Michael Zelouf, Business Director for the EMEA region at Western Asset, Legg Mason's global fixed income subsidiary, believes one must separate the US debt market outlook from the one for the debt market in general. In an exclusive interview with Funds Society, he explains that in the US, the uncertainty surrounding Donald Trump's economic policies could increase market volatility, but the truth is that, after the December rate hike, "the market has already largely factored in the likelihood that the Fed will adopt a more aggressive stance this year."
In this regard, Zelouf says: "Markets move very fast and, as fixed-income investors, we must rely on the slope of the forward rates curve to determine whether yields are going to go up or down. In the short end of the curve, everything depends on the Fed, and we cannot forecast it, so we will not take too much risk in this segment because the Fed could adopt a more aggressive stance. "
The normalization of the rate curve is, therefore, the most probable scenario and the one most expected by the expert. "If the Fed, at this late stage of the cycle in which rates are usually rising, is normalizing its monetary policy - and we believe it is doing so - the 10 to 30 year rate curve should normalize . We firmly believe that, in relative terms, returns at 10 to 30 years will be reduced," says Zelouf.
Another issue, he points out, is whatever happens in Germany and Japan with the Bank of Japan's objective of keeping the ten-year bond yield at 0, and in Germany below 0.5%. In his opinion, "this is a strong attraction for Japanese and German investors, who opt for the US bond. It makes a lot of sense, and not because US long-term debt is better, but rather for the relative value it offers over Japanese and German debt. "
Corporate bonds: telecommunications and the US financial sector
Regarding corporate bonds, Zelouf points out the telecommunications, energy, and financial sectors which could register 2% differentials against US public debt. "We have companies like Verizon, which in addition to being global has a dominant position in the US market and has a quarterly turnover of $ 4 billion," he explains.

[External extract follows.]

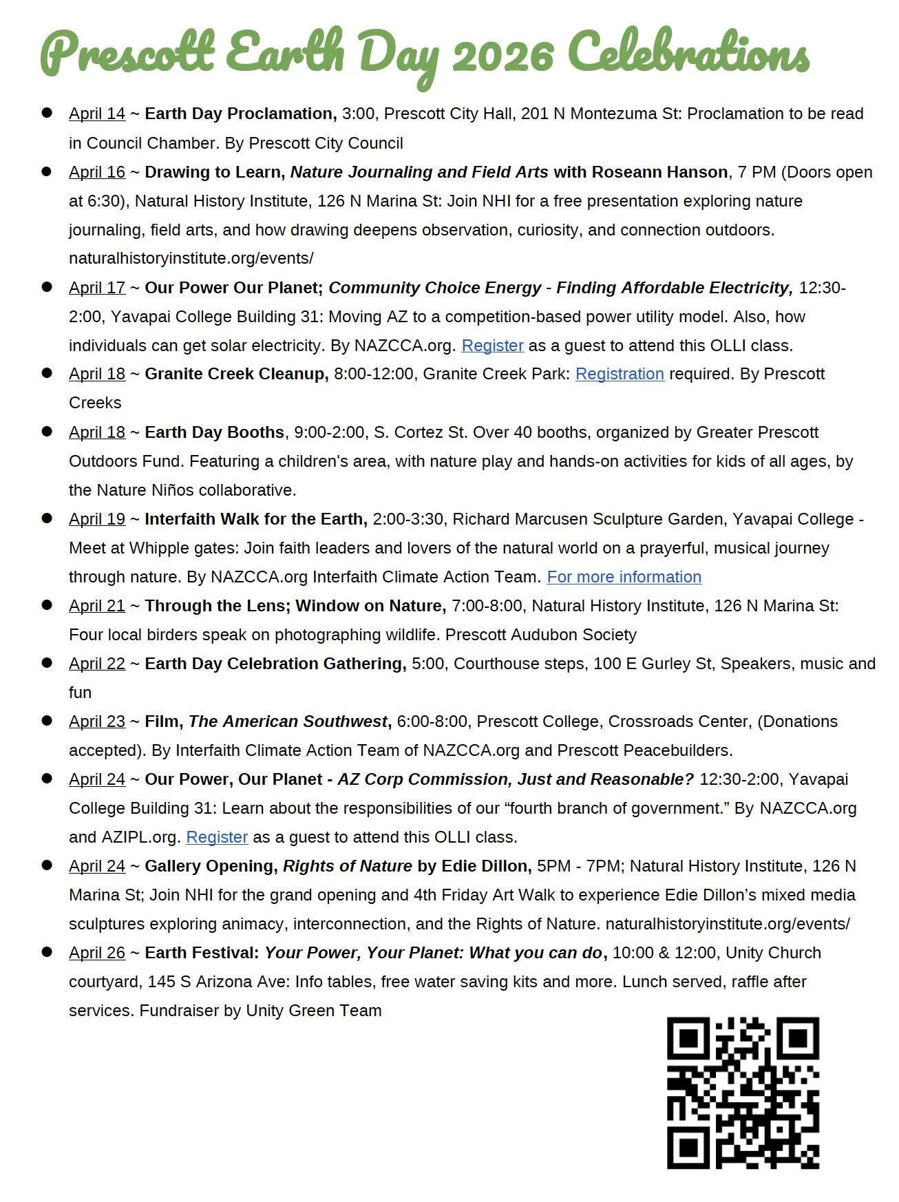 Prescott Public Library Founder’s Room, 215 E Goodwin Street. Learn about and engage with the PROTECT Campaign which aims to obtain a climate agreement profile with the City of Prescott.

As a specialist in the Legg Mason Western Asset Macro Opportunities Bond Fund, it’s in the US financial sector where he sees the greatest potential, with long-term credit growth and interest rate outlooks that will increase its profits. "The combination of these two aspects implies that the return on assets will be positive." In European banking, its exposure focuses on the big names: Bank of Scotland, HSBC, Credit Suisse, Standard Chartered..., with reduced exposure to the Spanish banks BBVA and Santander.

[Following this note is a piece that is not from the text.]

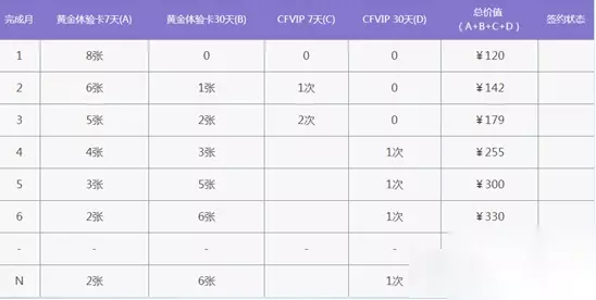 最高奖励:黄金体验卡(7天)*2、黄金体验卡(30天)*6、CFvip(30天)*1 4月专属奖励 4月会员签约完成后可领取

Zelouf believes that, currently, cyclical companies' credit has reasonable appeal, and points out other names such as Exxon Mobile or AB InBev. "We invest in companies with a long-term strategy, organic growth, an adequate degree of leverage and where we know the management well and this is going in the right direction." The main sector that they avoid in USA is that of health, since "it is difficult to know what will happen with Obama Care, and there is uncertainty regarding its income..."

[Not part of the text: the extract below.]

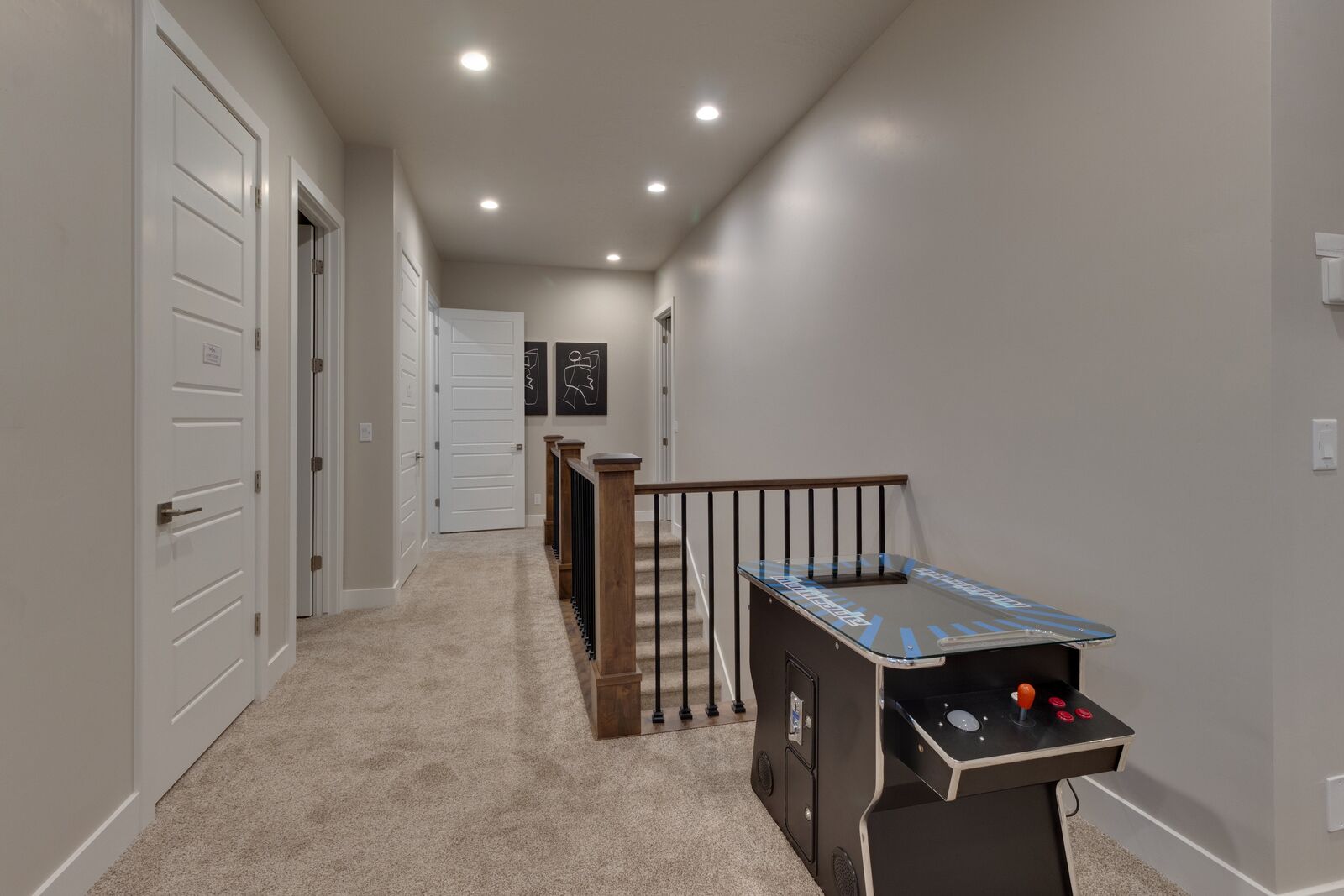 This stunning home features five bedrooms and five and a half bathrooms and can sleep up to 17 people comfortably. The master bedroom on the main level has a king bed, smart tv, and quick patio access, and is also connected to an ensuite bathroom with a double vanity, walk-in shower, and bathtub. Just at the top of the stairs, you'll find another bedroom with a king bed and smart tv, which is also connected to an ensuite bathroom, featuring a walk-in shower. Across the hall, you'll find the upstairs master which has a king bed, smart tv, and balcony access. This bedroom is also connected to a bathroom with a double vanity and a walk-in shower. Just across the loft, you'll see two bunkrooms. The first holds a twin-full-queen bunkbed and smart TV, with its own ensuite bathroom with a walk-in shower. The final bunkroom holds 2 triple twin bunk beds and has access to a shared bathroom in the loft.

Regarding high yield, he reveals that one of the peculiarities of the current credit cycle is its long duration, which facilitates refinancing of debt. "Currently, 63% of the debt in the high yield market will not be refinanced before 2019, they will do so between that year and 2021," he points out. A circumstance to which we must add the economic growth of the last few years; which has been sufficient to generate income to cover the debt and interests of this type of companies.
In our opinion, in the second quarter of this year, we’ll see a rebound in defaults, which are starting to remit gradually. Therefore, we believe that the overall level of defaults in the high-yield segment, including energy stocks, which represent about 15% of the universe, began to decline thanks to the recovery of oil prices and the fact that many oil companies have not incurred in default since they have been able to refinance their lines of credit, etc., which means that the risk of default is beginning to dissipate. It has not disappeared altogether, but it is beginning to shrink."
In any case, Zelouf admits that his exposure to the energy and commodities sector was relatively low in high yield, at 1.5%, and is mainly concentrated in companies with investment grade.
Selective in emerging markets
In emerging markets, the main criteria used to identify assets are "reasonable valuations" and the search for short-term debt in dollars. "We also look at the strength of the institutions of each country. That's why we did not invest in Venezuela and that's why we did invest in Argentina after its change of government." From a tactical point of view, there are two factors they watch out for: interest rates and oil and commodity prices.
The first presents a negative scenario for those countries with a high level of debt in dollars. The second is positive for some and negative for others. Following OPEC's announcement of a cut in production and an oil price forecast of $ 60 / barrel, Zelouf said that importing countries such as South Africa, Turkey or India would not benefit from this, which would require them to be very selective. "We are positive in some and negative in others." Finally, structural reforms must also be taken into account in the long term, which is why they are committed to Mexico and India, which are countries that have implemented positive structural reforms. "In emerging markets you have to be selective, you have to talk to politicians, even if they sometimes they also make mistakes."